Task to complete:
Give back the data below word for word. Any image in it should be left out.

───── Supplied information ─────

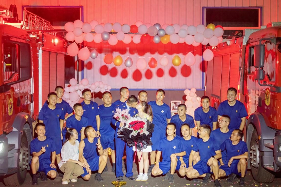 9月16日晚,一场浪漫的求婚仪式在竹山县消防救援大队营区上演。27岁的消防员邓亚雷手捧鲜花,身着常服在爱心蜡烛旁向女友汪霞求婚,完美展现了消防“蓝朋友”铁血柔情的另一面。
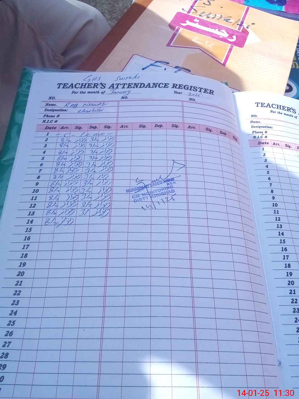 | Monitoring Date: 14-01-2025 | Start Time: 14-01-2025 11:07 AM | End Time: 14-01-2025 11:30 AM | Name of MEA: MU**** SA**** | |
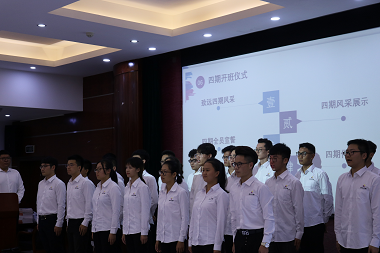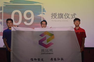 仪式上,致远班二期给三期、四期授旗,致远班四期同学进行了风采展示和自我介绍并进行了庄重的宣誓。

─────

Answer for the task:
 9月16日晚,一场浪漫的求婚仪式在竹山县消防救援大队营区上演。27岁的消防员邓亚雷手捧鲜花,身着常服在爱心蜡烛旁向女友汪霞求婚,完美展现了消防“蓝朋友”铁血柔情的另一面。
 | Monitoring Date: 14-01-2025 | Start Time: 14-01-2025 11:07 AM | End Time: 14-01-2025 11:30 AM | Name of MEA: MU**** SA**** | |
 仪式上,致远班二期给三期、四期授旗,致远班四期同学进行了风采展示和自我介绍并进行了庄重的宣誓。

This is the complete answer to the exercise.